What was I thinking?!?!?

This was the question that kept running through my head on Thursday.

I was going for dinner...no, a feast,  with two friends at a favourite Malaysian restaurant.  I was going to go to the gym.  And today was the day for Week One Day Two of my Learn to Run program.....

Problem was, my legs hurt.  My bum hurt. I hurt and I was tired and I woke with a headache (my pillows were too high and I slept at an odd angle).  In my head I whined and whined and whined....I had every justification to not go.  Problem was, I really want to do this 5km run.  I do.

I grabbed lunch and committed to drop my mom at the mall for some Christmas shopping...I would go to the gym, do my running program and then be back to at the scheduled time to pick her up.  Now I had done it --- I had to go...can't lie to your mom, can you?

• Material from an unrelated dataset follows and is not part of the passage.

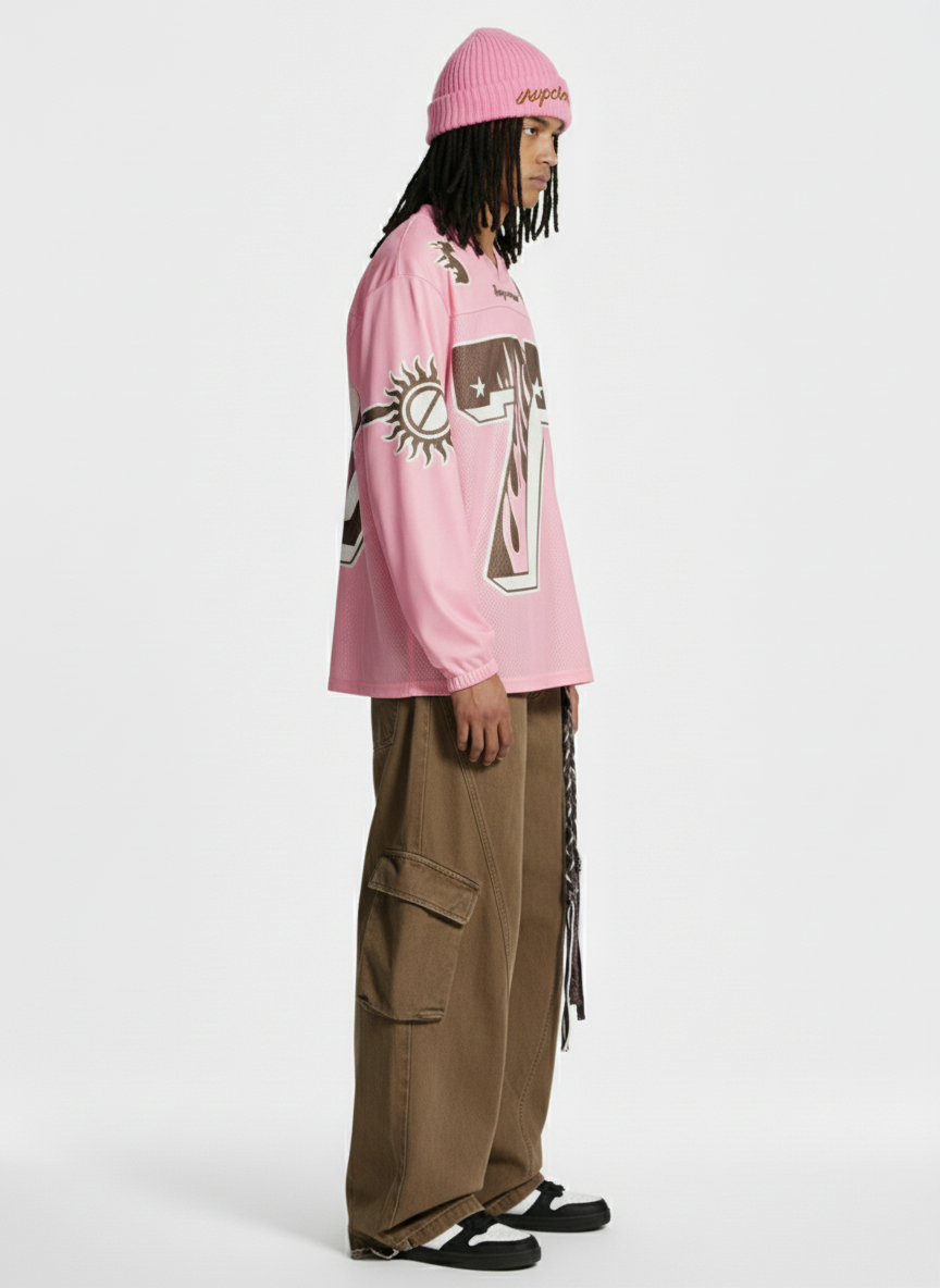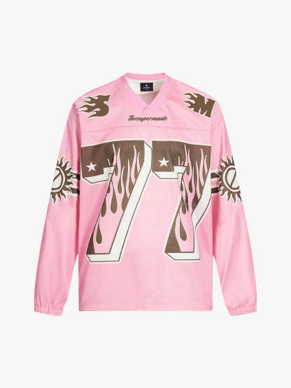 Retro Graphic Flame Number Print Long-Sleeve Jersey T-Shirt

Off I went.  I got changed, started a motivating tune on my iPod and entered the settings on the treadmill..I used the same one as last time.  The first five minutes were fine but every one of the running minutes were killer!  I am certain time slowed to half time for each of them.  I kept thinking I can't do this.  What ever possessed me to tell people what I was doing....what have I done?!?!?!

Somehow, my stubborn streak kicked in and I made it through all 26 minutes, but it was so very tough.  Much tougher than the first session.  Just torturous.

Even after I was done, all I wanted to do was have a nap.  I was proud of what I had accomplished but terrified of this project.  For the first time, I was scared as to whether or not I would be able to accomplish it.

Rosanna, the fitness coordinator at the gym told me it only gets easier from here but I am not sure I believe her yet.  I decided I would have to come back at least once to see if she was telling the truth.

Home, shower and off to enjoy a delicious, well earned dinner with great friends!